Amazon Web Services Outage was Caused by One Typo

By

Earlier this week we talked a bit about an Amazon Web Services outage that took down a big chunk of the Internet including some of the most popular sites on the web. That outage lasted about four hours and when the issue was first reported we had no idea what cause the issue. The assumption was some sort of software issue during an update.

Amazon has come back and said that it’s Simple Storage Service or S3 that went down ultimately resulted in about 150,000 websites across the internet being unable to call on any objects that were on that cloud service. That means that rather than having entire websites down, the most common issue during the outage was that sites had lots of dead links as content as unable to load.

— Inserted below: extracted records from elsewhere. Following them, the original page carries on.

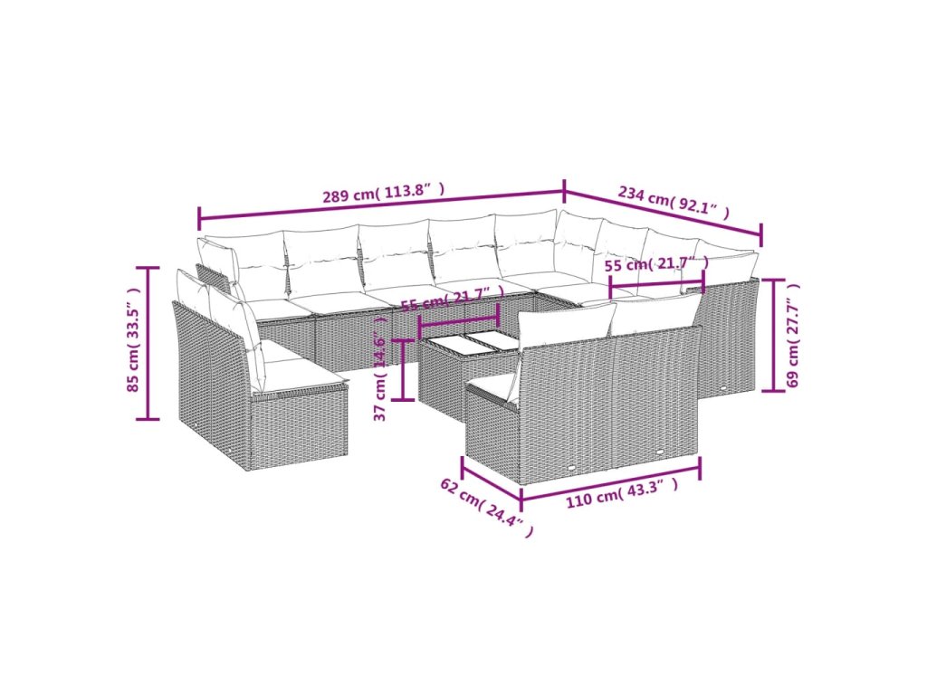 13dílná zahradní sedací souprava s poduškami hnědá polyratan 3218483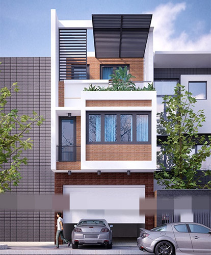 Mẫu nhà ống 3 tầng gác lửng hiện đại kết hợp cây xanh thoáng mát.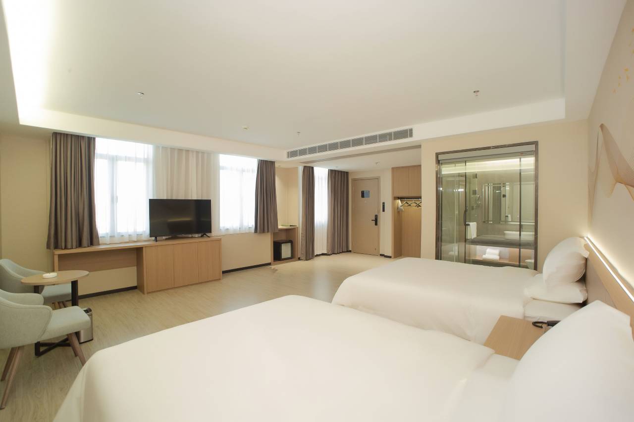 酒店很新,进大堂就感觉良好,前台很热情,因为携程等级给升级了房间,送了早餐券,也按照要求给安排了高楼层。特别好!房间干净无异味,床品舒适,外卖有机器人送上楼,住宿一晚各方面都很满意。提前预约了送站服务,很棒的体验,性价比高!会推荐给朋友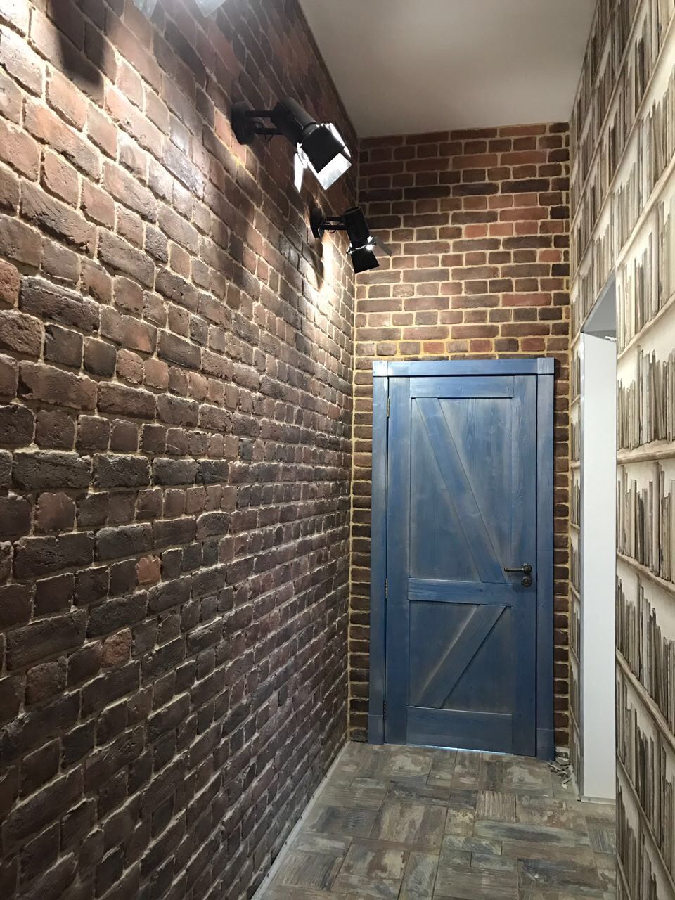 Материал выигрышно смотрится на фоне стен, выполненных из серого цемента.

Amazon has stepped up and said what the cause of the outage was. On Tuesday morning, the day of the outage, Amazon was working on a solution to a problem that was slowing down the S3 billing system. Amazon notes that at 9:37 am Pacific one of the team members ran a command meant to take some of the S3 servers offline.

That command had a typo in it that caused a larger number of servers to be taken down than was meant and two of those servers were responsible for important systems for the entire East Coast region. To get the servers going again takes much longer than a normal computer reboot according to Amazon.

The rub was that it had been “many years” since Amazon did a full restart on the main subsystems that went offline. The delay in getting things back up and running was due to the safety checks that had to be run and checking that files weren’t corrupted in the unexpected shutdown.

The software tool that allowed the mistake to happen has been rewritten to prevent this sort of thing from happening again. From shutdown to full service restoration took four hours and 17 minutes according to Amazon.